## WHAT THIS TASK INVOLVES
Whatever lies between the line with "Hullámrugós sarokgarnitúra, elektromosan" and the end of the data, both included, must be copied exactly and without pictures.

Stored entries:
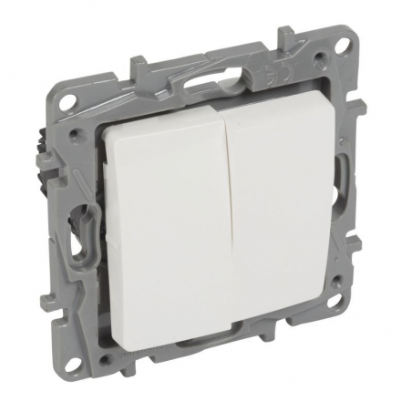 Marque: LegrandRéférence CME: LG396602EAN: 3245063966024Description: Niloé DIY inter 2 directions double 10AX 250V blanc à griffes
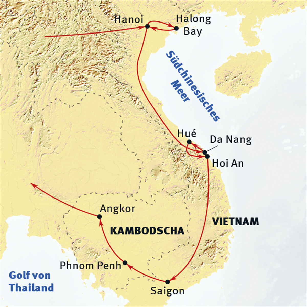 Diese 15-tägige Rundreise durch Vietnam und Kambodscha vereint Kultur, Natur und authentische Begegnungen in einem ausgewogenen Tempo. Von Hanois quirligen Straßen über die Halong-Bucht, kaiserliches Hué und das historische Hoi An bis zum tropischen Süden mit Saigon und Mekong-Delta erleben Sie Vietnams Vielfalt. In Kambodscha erkunden Sie Phnom Penh und die Tempel von Angkor, besuchen ländliche Dörfer und erleben lokale Traditionen hautnah.
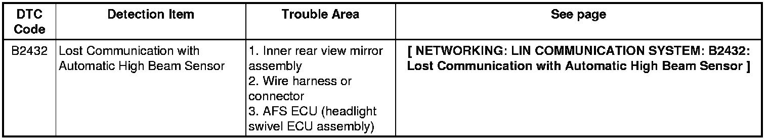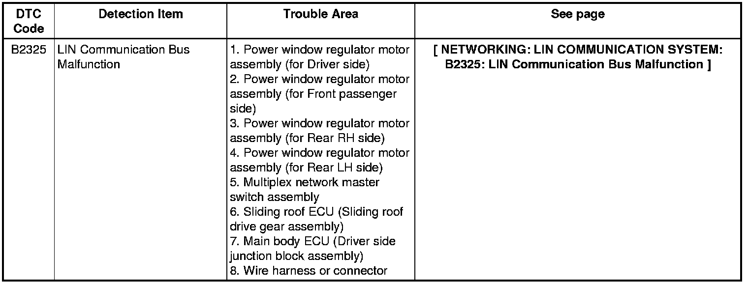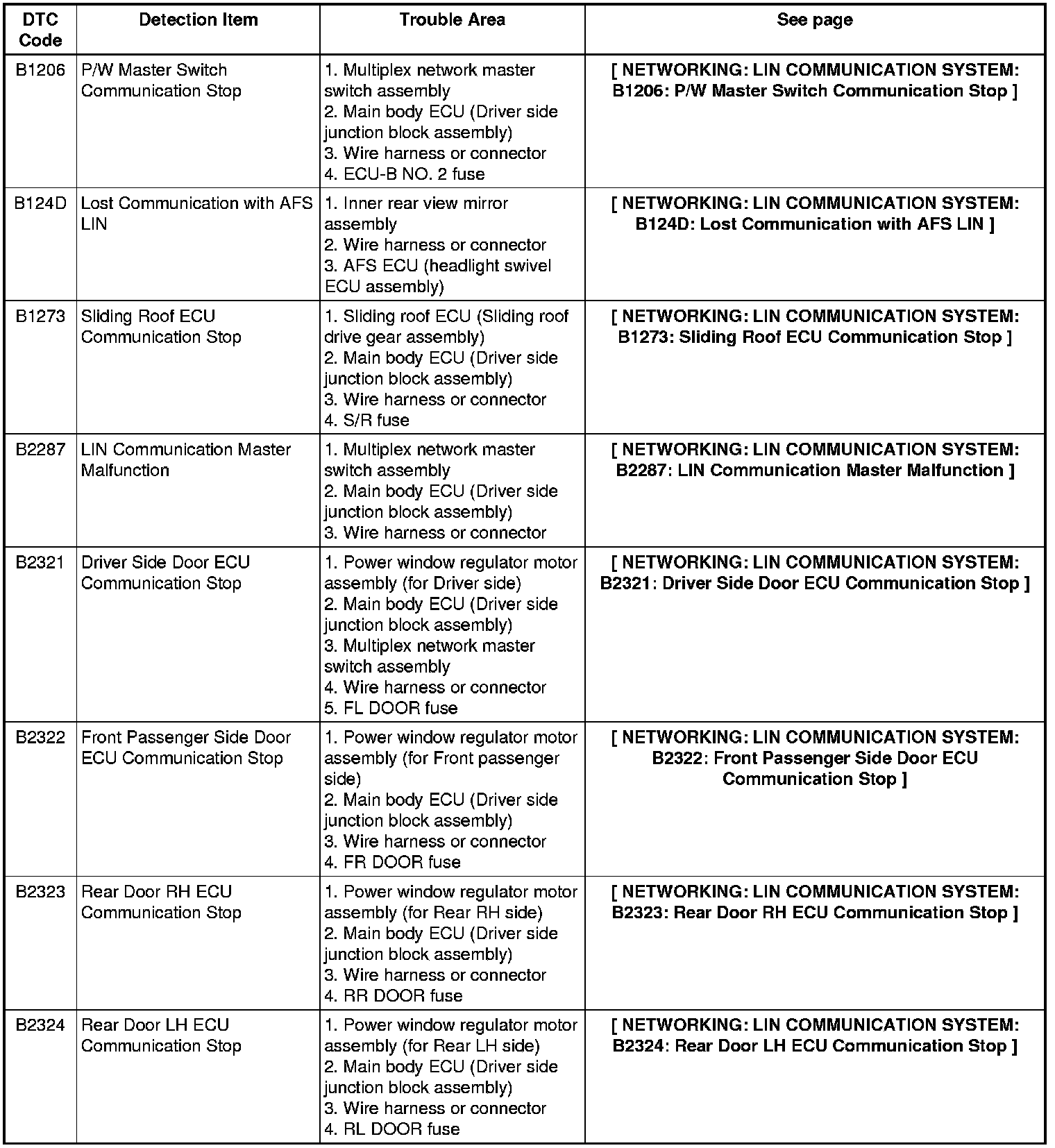 NETWORKING: LIN COMMUNICATION SYSTEM: DIAGNOSTIC TROUBLE CODE CHART
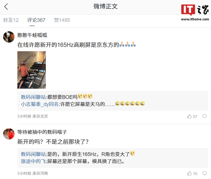 有网友询问这块 165Hz 高刷屏不是之前那一块吗?博主回复称:“是的,新开原生 165Hz,R 角也变大了。”
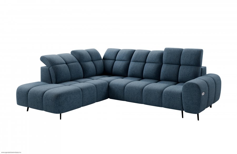 Hullámrugós sarokgarnitúra, elektromosan állítható ülésmélységgel, állítható fejtámlával. Szövetminta alapján jobbos vagy balos kivitelben rendelhető.
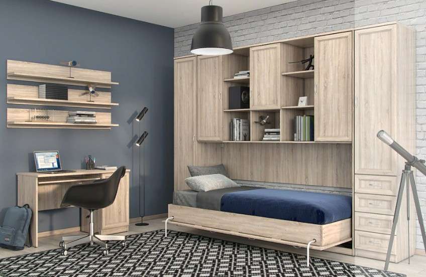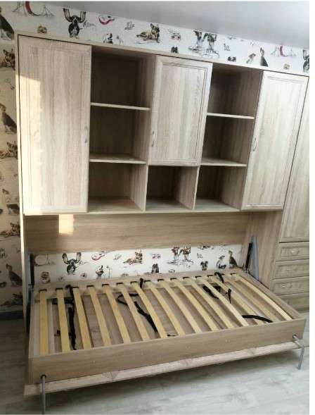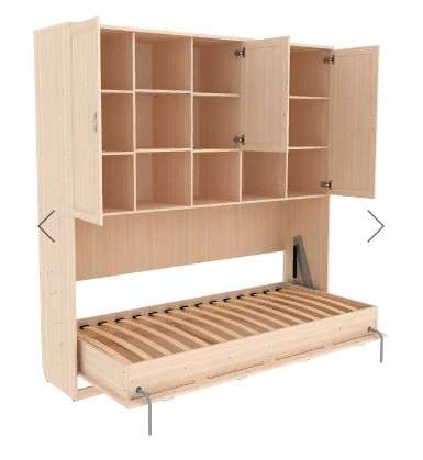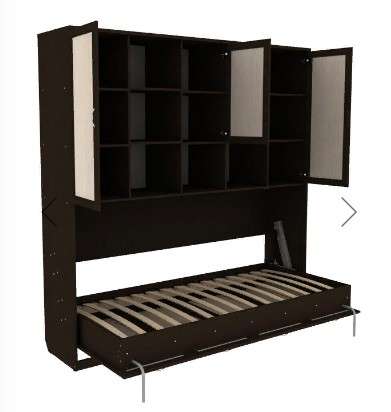 Комфортабельная односпальная кровать - шкаф, своим строгим и элегантным видом украсит не только спальню, но и гостиную. Верхняя часть шкафа оборудована закрытыми и открытыми полками, на которых можно разместить книги, сувениры и множество других мелочей.

## RESULT OF THIS TASK
 Hullámrugós sarokgarnitúra, elektromosan állítható ülésmélységgel, állítható fejtámlával. Szövetminta alapján jobbos vagy balos kivitelben rendelhető.
 Комфортабельная односпальная кровать - шкаф, своим строгим и элегантным видом украсит не только спальню, но и гостиную. Верхняя часть шкафа оборудована закрытыми и открытыми полками, на которых можно разместить книги, сувениры и множество других мелочей.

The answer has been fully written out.